UniEX: An Effective and Efficient Framework for Unified Information Extraction via a Span-extractive Perspective
This addresses the need for efficient and effective universal information extraction systems that work across different tasks and schemas, representing a novel method rather than an incremental improvement.
The authors tackled the problem of unified information extraction across multiple tasks by proposing UniEX, a span-extractive framework that converts text-based IE tasks into token-pair problems. The results show that UniEX outperforms generative universal IE models on 14 benchmark datasets in both performance and inference speed, with state-of-the-art performance in low-resource scenarios.

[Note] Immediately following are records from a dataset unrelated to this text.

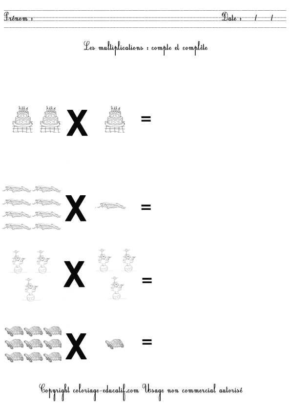L’enfant doit compter et compléter les multiplications suivantes. Et quand il aura fini, il pourra colorier son dessin.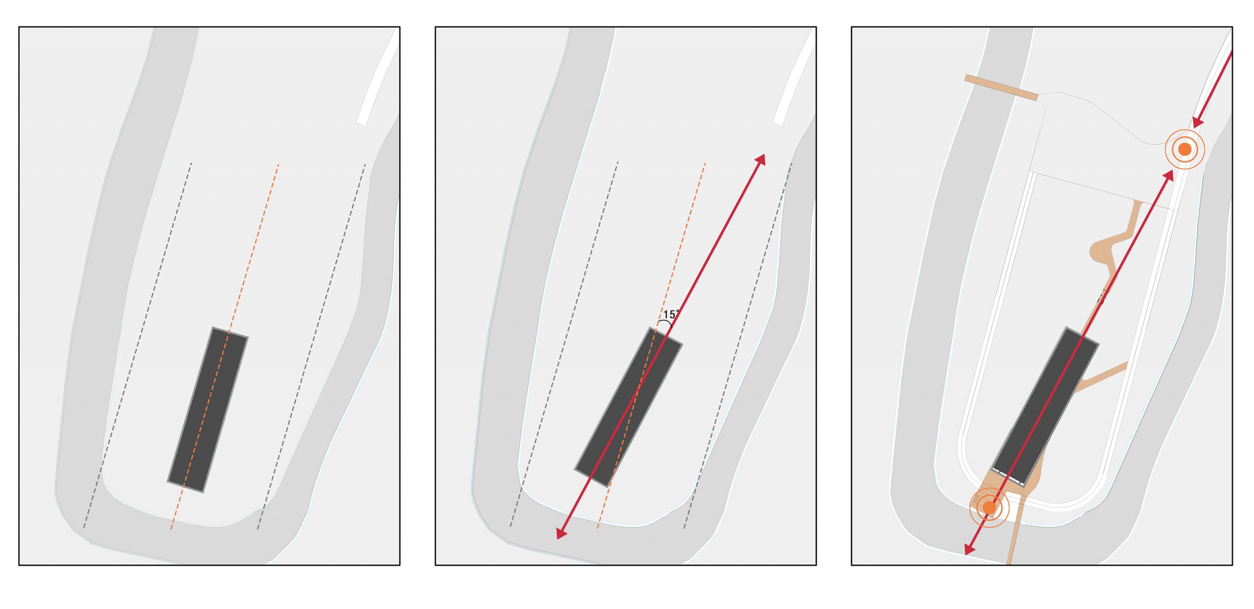 线性的空间形态顺应长条状半岛的环境关系,兼顾农庄研究人员的日常使用与参观人群通行的作用,在半岛轴线的基础之上顺时针旋转 15 度,既使建筑山墙面正对车行入口,创造更好的展示效果,又让建筑出口避开现有步行桥面对回水塆,创造一个亲水平台作为节奏变化的空间节点。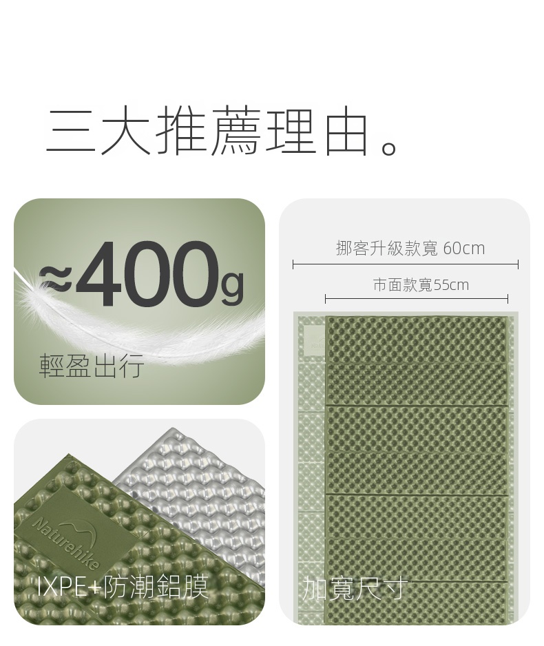 Buy Naturehike Troues-R1.8 折疊防潮墊(CNK2450WS044) - 綠色(單人款) | 防潮鋁背膜 | 蛋巢互嵌 price in outletexpress .com Hong Kong.In promotion and sale.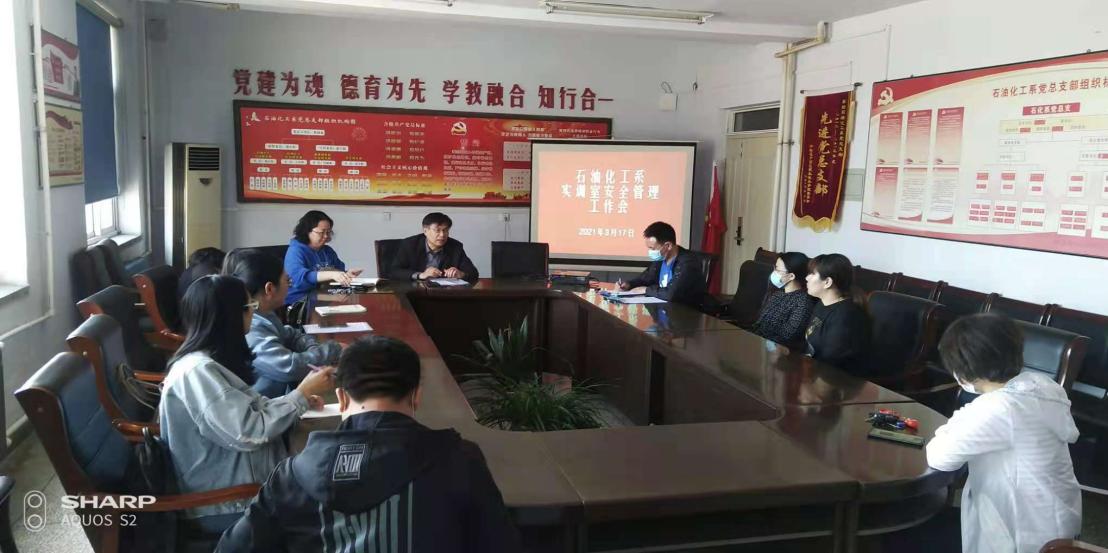 首先,石油化工系召開實訓室安全管理工作專題會議。石油化工系齊向陽主任、付麗麗副主任及全系實訓室管理員參加。傳達教育部及遼寧省教育廳和學院有關(guān)實訓室安全管理的最新指示精神,統(tǒng)一認識,確保在實驗室安全責任落實到位、管理制度執(zhí)行嚴格、宣傳教育充分、工作保障體系健全。
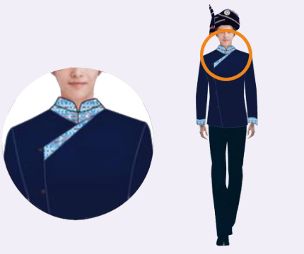 根据南宁九曲湾温泉服装要求特色,此套户外男服务员服装采用壮族喜爱的深蓝色作为主色系。壮族布包帽和特色民族花纹的点缀元素给服装带来不一样的感觉。结合温泉工作场合,采用淡蓝色的民族花纹做点缀,领口搓落拼接让服装富有层次感,斜门襟干净利落。搭配的深色长裤,让服装整体感强,让人感受到南宁九曲湾温泉给人带来特有的民族风情与服务。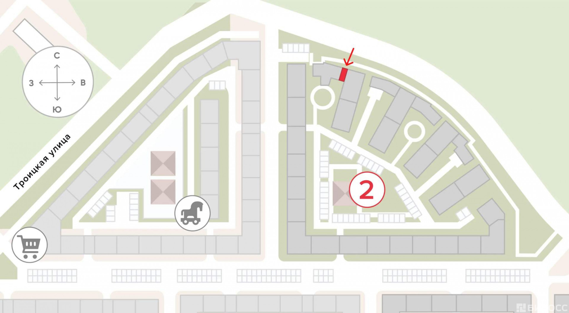 развитый район с насыщенной инфраструктурой и активным пешеходным трафиком.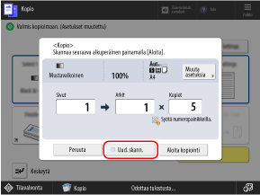 Ennen kuin painat [Aloita kopiointi], syötä kopioiden lukumäärä uudelleen numeropainikkeita käyttäen.

We propose a new paradigm for universal information extraction (IE) that is compatible with any schema format and applicable to a list of IE tasks, such as named entity recognition, relation extraction, event extraction and sentiment analysis. Our approach converts the text-based IE tasks as the token-pair problem, which uniformly disassembles all extraction targets into joint span detection, classification and association problems with a unified extractive framework, namely UniEX. UniEX can synchronously encode schema-based prompt and textual information, and collaboratively learn the generalized knowledge from pre-defined information using the auto-encoder language models. We develop a traffine attention mechanism to integrate heterogeneous factors including tasks, labels and inside tokens, and obtain the extraction target via a scoring matrix. Experiment results show that UniEX can outperform generative universal IE models in terms of performance and inference-speed on $14$ benchmarks IE datasets with the supervised setting. The state-of-the-art performance in low-resource scenarios also verifies the transferability and effectiveness of UniEX.